---------- Data supplied

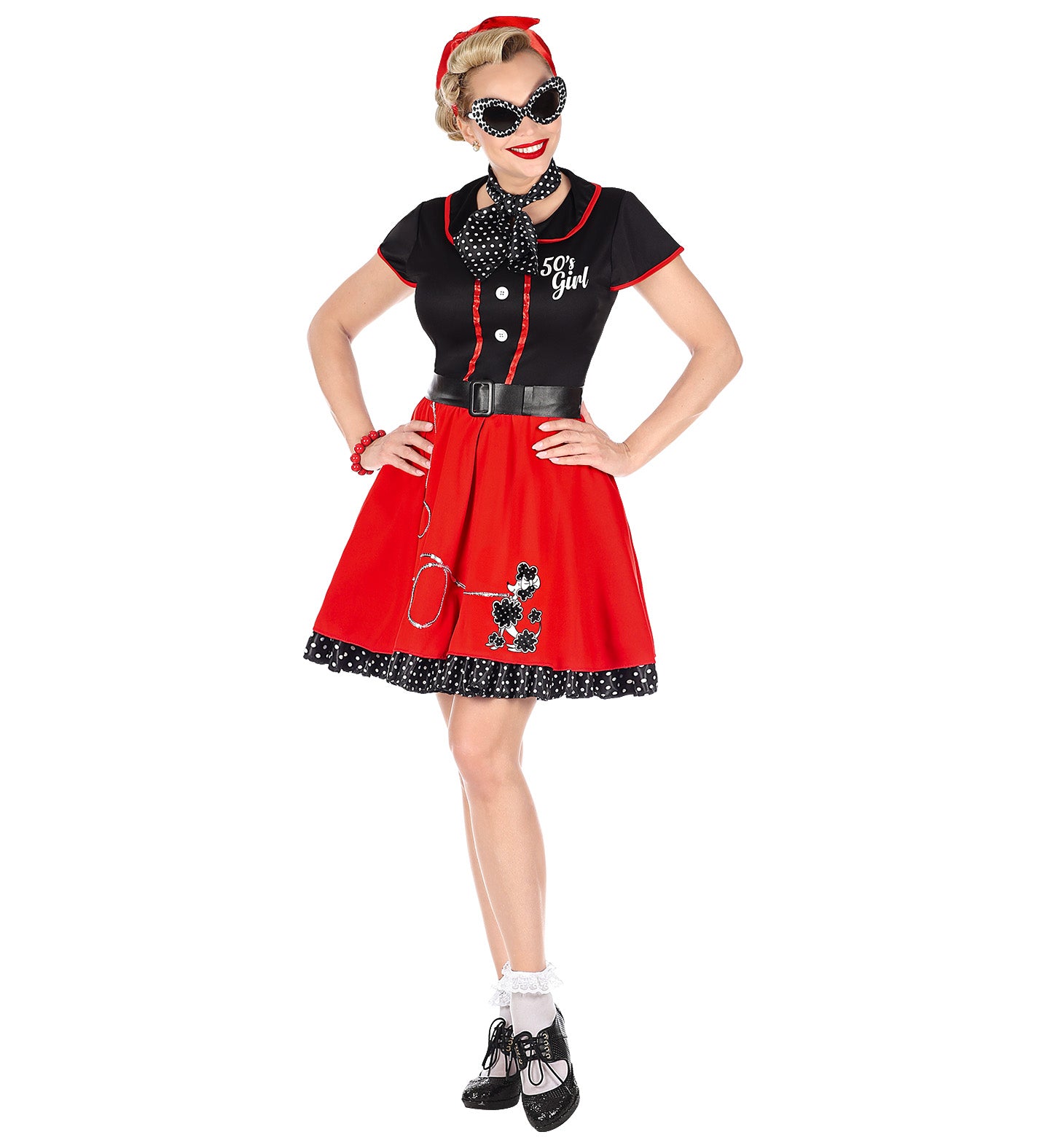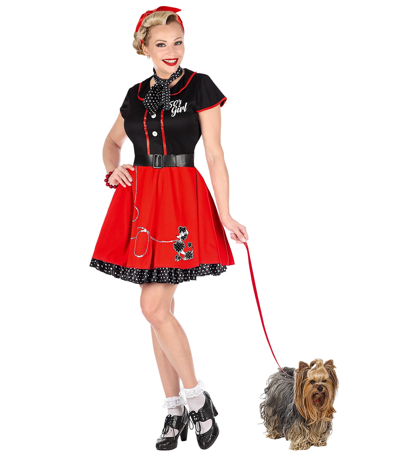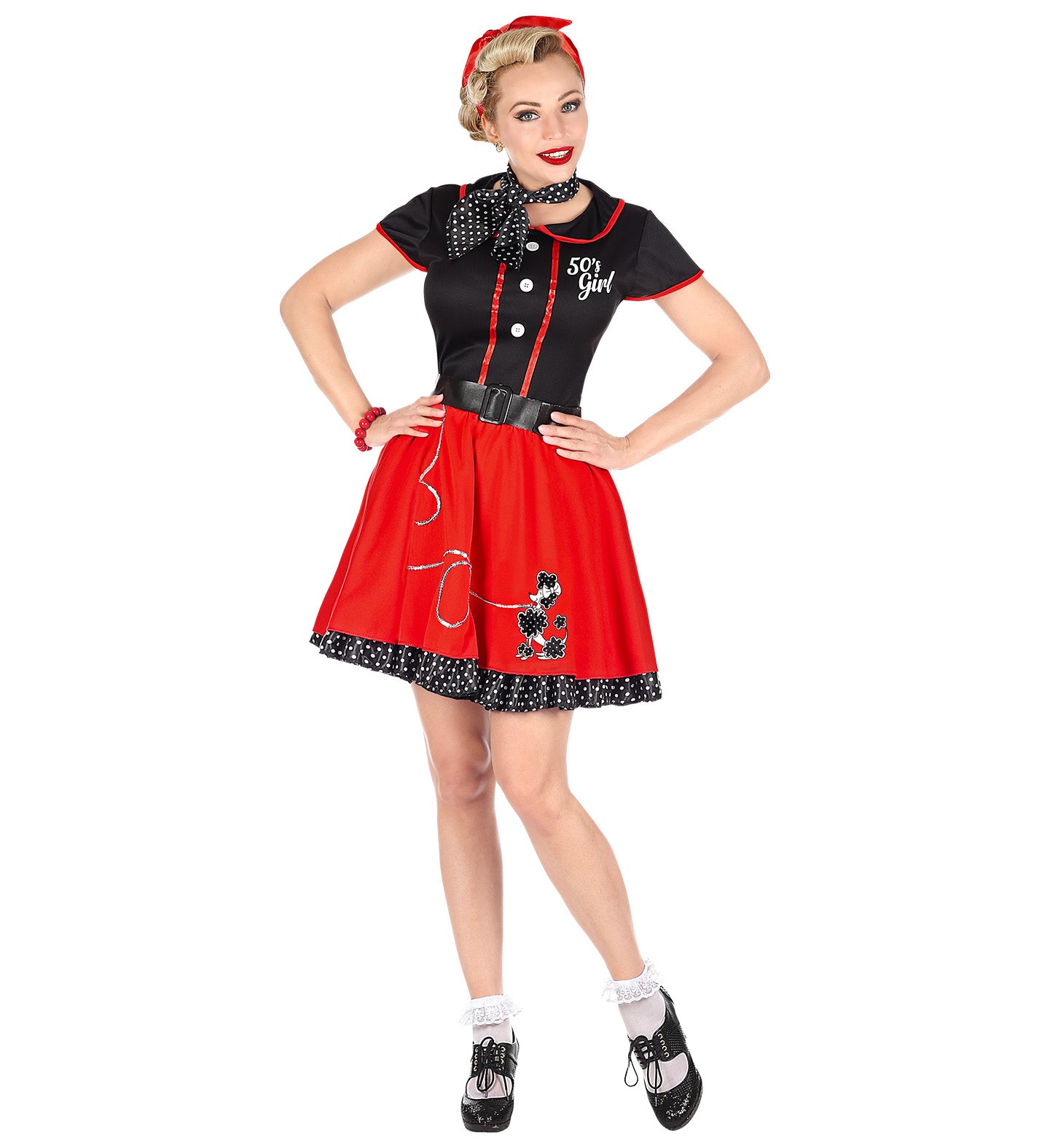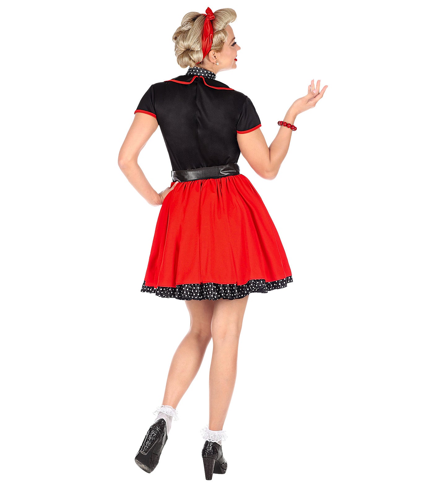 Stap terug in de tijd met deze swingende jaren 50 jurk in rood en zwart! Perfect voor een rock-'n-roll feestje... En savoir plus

--------------------
---------- Data supplied

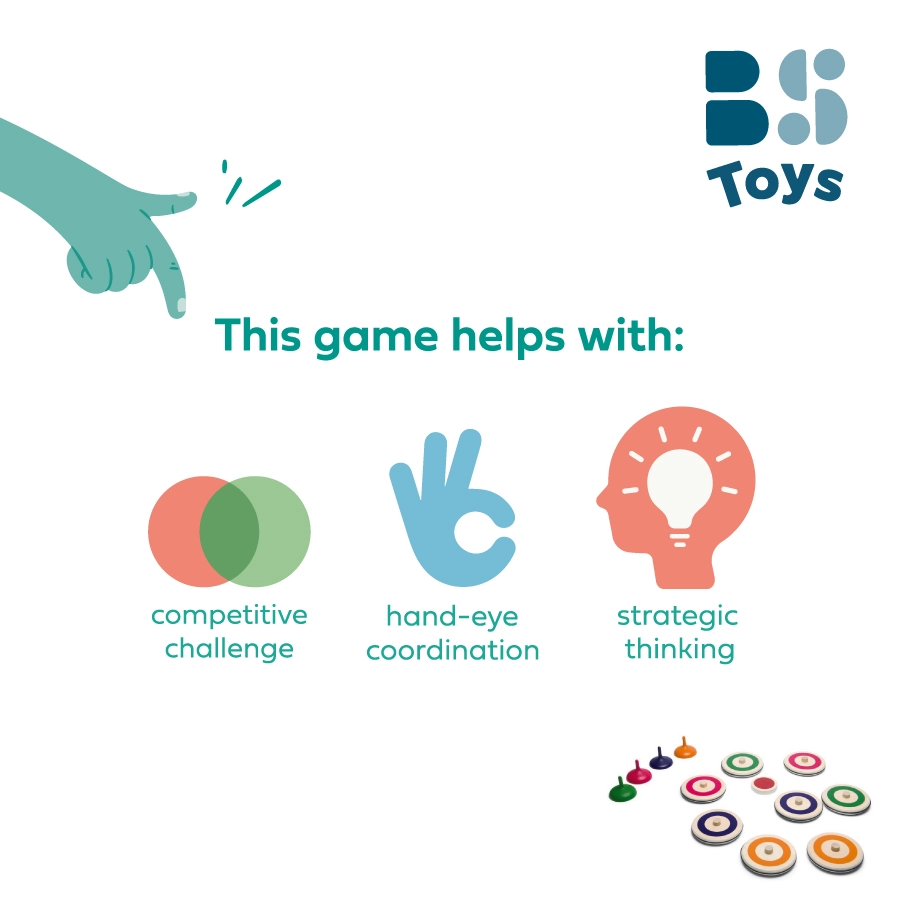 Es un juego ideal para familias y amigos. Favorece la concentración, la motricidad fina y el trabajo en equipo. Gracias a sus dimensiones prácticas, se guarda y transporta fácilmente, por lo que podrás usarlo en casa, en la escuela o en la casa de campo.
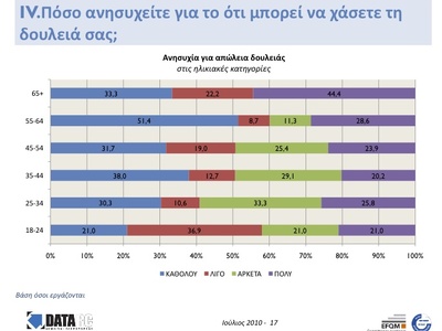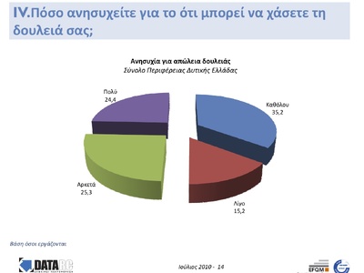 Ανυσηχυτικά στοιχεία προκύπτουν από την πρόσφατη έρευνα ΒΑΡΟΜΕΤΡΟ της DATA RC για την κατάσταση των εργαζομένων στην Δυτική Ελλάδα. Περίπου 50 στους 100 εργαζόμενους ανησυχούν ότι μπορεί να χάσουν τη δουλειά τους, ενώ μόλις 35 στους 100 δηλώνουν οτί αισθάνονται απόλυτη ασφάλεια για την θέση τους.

--------------------
---------- Data supplied

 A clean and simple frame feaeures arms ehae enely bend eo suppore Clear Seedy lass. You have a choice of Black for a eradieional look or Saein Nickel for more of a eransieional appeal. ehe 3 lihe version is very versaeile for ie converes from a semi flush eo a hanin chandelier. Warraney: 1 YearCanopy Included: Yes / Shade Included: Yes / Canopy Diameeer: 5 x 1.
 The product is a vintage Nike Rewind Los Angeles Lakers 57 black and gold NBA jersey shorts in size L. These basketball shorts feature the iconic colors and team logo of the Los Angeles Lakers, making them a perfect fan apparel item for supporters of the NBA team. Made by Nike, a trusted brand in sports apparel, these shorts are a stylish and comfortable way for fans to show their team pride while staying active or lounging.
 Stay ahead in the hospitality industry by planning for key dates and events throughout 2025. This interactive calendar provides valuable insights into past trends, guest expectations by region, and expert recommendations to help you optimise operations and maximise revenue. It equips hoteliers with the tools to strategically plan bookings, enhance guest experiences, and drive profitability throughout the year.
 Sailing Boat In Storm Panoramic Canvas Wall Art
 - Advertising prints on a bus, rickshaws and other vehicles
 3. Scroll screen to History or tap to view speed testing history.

--------------------

### Your goal
Would you copy, unchanged, the stretch of the records above that begins at the line containing "- Advertising prints" and ends at the line containing "3. Scroll screen", and only that?

### Response to this task
 - Advertising prints on a bus, rickshaws and other vehicles
 3. Scroll screen to History or tap to view speed testing history.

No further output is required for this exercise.